▶ **Exercise**:
Print each record exactly as it appears, but drop the images.

▬▬▬▬▬▬▬▬▬▬

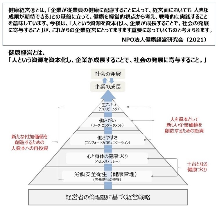 ・しかし、これからの健康経営を、より時代に合った経営戦略に進化させていくためには、健康経営を「人という資源を資本化し、企業が成長することで、社会の発展に寄与すること」として捉え、人という無形資産への戦略的投資として積極的に推進していくことが求められると考えています。
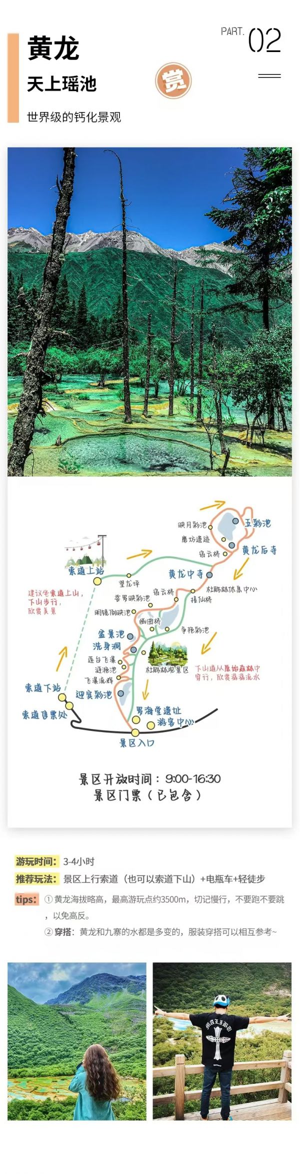 (2)特別提示:12月16日-3月31日期間黃龍索道停運(yùn),屆時需步行上下游覽黃龍景區(qū),敬請知曉。
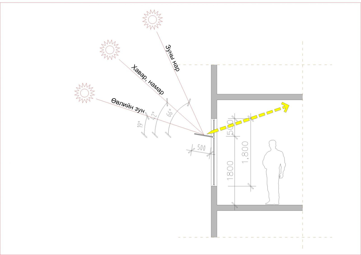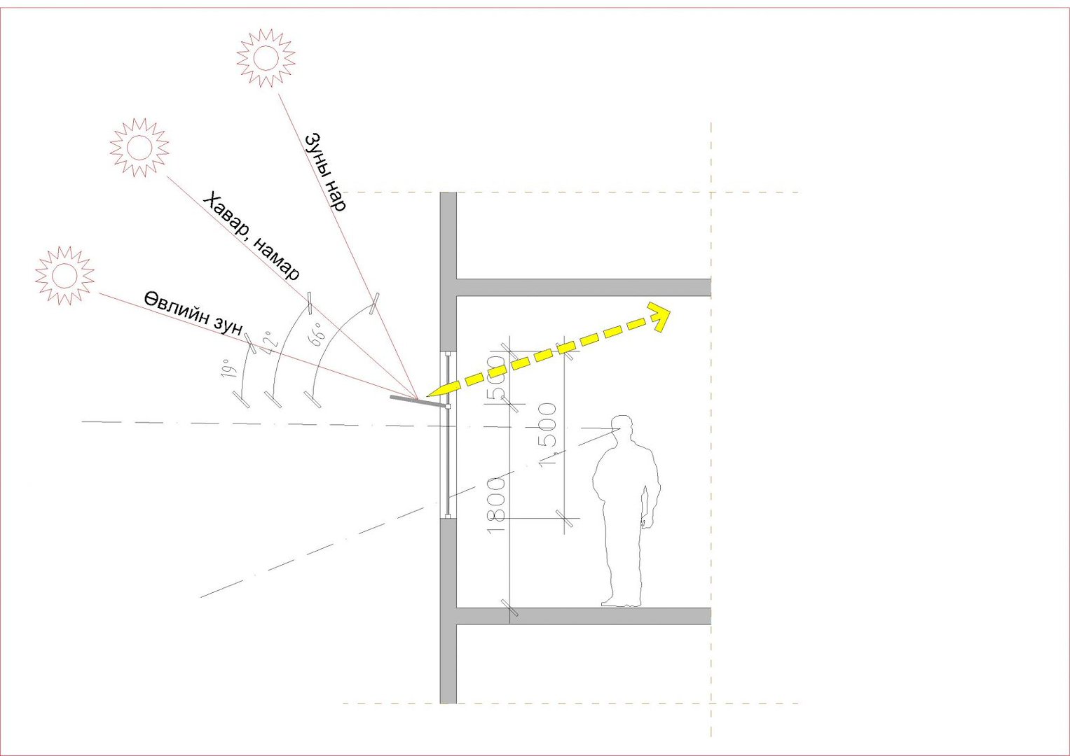 - Байгалын гэрэлтүүлгийн системийг төлөвлөлтөнд тусгахдаа толин ойлтын аргыг ашиглан нэмэлт байгалийн гэрэл нэвтрүүлэх замаар сууцны өрөө тасалгааны норматив гүнийг 2.5 м хүртэл нэмэгдүүлэх боломжтой.
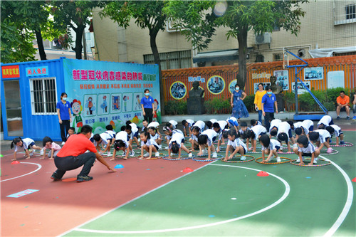 活動(dòng)第三站,學(xué)校劉志明老師帶領(lǐng)幼兒園小朋友們上了一節(jié)趣味盎然的體育課。帶領(lǐng)小朋友們做好充分地?zé)嵘頊?zhǔn)備后,劉老師根據(jù)龜兔賽跑的課程主題,學(xué)習(xí)了烏龜與兔子賽跑的姿勢(shì),融入了對(duì)應(yīng)角色,進(jìn)行賽跑活動(dòng)教學(xué)。幼兒園小朋友們各展所能,竭盡全力地奔赴終點(diǎn)。
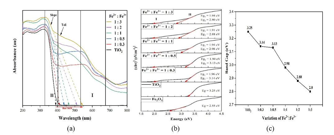 Figure 5 showed that increasing Fe³⁺ composition reduces the composite bandgap from 3.25 to 2.80 eV. The decreasing is attributed to 2 main mechanisms: Heterojunction formation between TiO₂ and Fe₂O₃, and Fe³⁺ doping. At lower Fe³⁺ content (Fe²⁺: Fe³⁺ = 1:0.3 - 1:1), bandgap narrowing is dominated by heterojunction formation, driven by interfacial interactions (sintering, coupling, aggregation) that modify the electronic structure without significantly altering TiO₂ intrinsic absorption slope and bandgap (Area II). Interfacial interaction does not directly change the intrinsic bandgap of TiO₂ but occurs through heterojunction formation [21]. The energy band gap of Fe2O3/TiO2 nanocomposites decreased as the Fe2O3 loading increased which can be attributed to the formation of heterojunction structure, and the formation of a new molecular orbital that results in reduced bandgap accordingly [3]. The formation of a heterojunction between TiO₂ and Fe₂O₃ involves the combination of two semiconductors with different band gaps. Since TiO₂ possesses a higher Fermi energy and lower work function than Fe₂O₃, electron transfer occurs from TiO₂ to Fe₂O₃ to equilibrate their Fermi levels.

▬▬▬▬▬▬▬▬▬▬

▶ **Exercise response**:
 ・しかし、これからの健康経営を、より時代に合った経営戦略に進化させていくためには、健康経営を「人という資源を資本化し、企業が成長することで、社会の発展に寄与すること」として捉え、人という無形資産への戦略的投資として積極的に推進していくことが求められると考えています。
 (2)特別提示:12月16日-3月31日期間黃龍索道停運(yùn),屆時需步行上下游覽黃龍景區(qū),敬請知曉。
 - Байгалын гэрэлтүүлгийн системийг төлөвлөлтөнд тусгахдаа толин ойлтын аргыг ашиглан нэмэлт байгалийн гэрэл нэвтрүүлэх замаар сууцны өрөө тасалгааны норматив гүнийг 2.5 м хүртэл нэмэгдүүлэх боломжтой.
 活動(dòng)第三站,學(xué)校劉志明老師帶領(lǐng)幼兒園小朋友們上了一節(jié)趣味盎然的體育課。帶領(lǐng)小朋友們做好充分地?zé)嵘頊?zhǔn)備后,劉老師根據(jù)龜兔賽跑的課程主題,學(xué)習(xí)了烏龜與兔子賽跑的姿勢(shì),融入了對(duì)應(yīng)角色,進(jìn)行賽跑活動(dòng)教學(xué)。幼兒園小朋友們各展所能,竭盡全力地奔赴終點(diǎn)。
 Figure 5 showed that increasing Fe³⁺ composition reduces the composite bandgap from 3.25 to 2.80 eV. The decreasing is attributed to 2 main mechanisms: Heterojunction formation between TiO₂ and Fe₂O₃, and Fe³⁺ doping. At lower Fe³⁺ content (Fe²⁺: Fe³⁺ = 1:0.3 - 1:1), bandgap narrowing is dominated by heterojunction formation, driven by interfacial interactions (sintering, coupling, aggregation) that modify the electronic structure without significantly altering TiO₂ intrinsic absorption slope and bandgap (Area II). Interfacial interaction does not directly change the intrinsic bandgap of TiO₂ but occurs through heterojunction formation [21]. The energy band gap of Fe2O3/TiO2 nanocomposites decreased as the Fe2O3 loading increased which can be attributed to the formation of heterojunction structure, and the formation of a new molecular orbital that results in reduced bandgap accordingly [3]. The formation of a heterojunction between TiO₂ and Fe₂O₃ involves the combination of two semiconductors with different band gaps. Since TiO₂ possesses a higher Fermi energy and lower work function than Fe₂O₃, electron transfer occurs from TiO₂ to Fe₂O₃ to equilibrate their Fermi levels.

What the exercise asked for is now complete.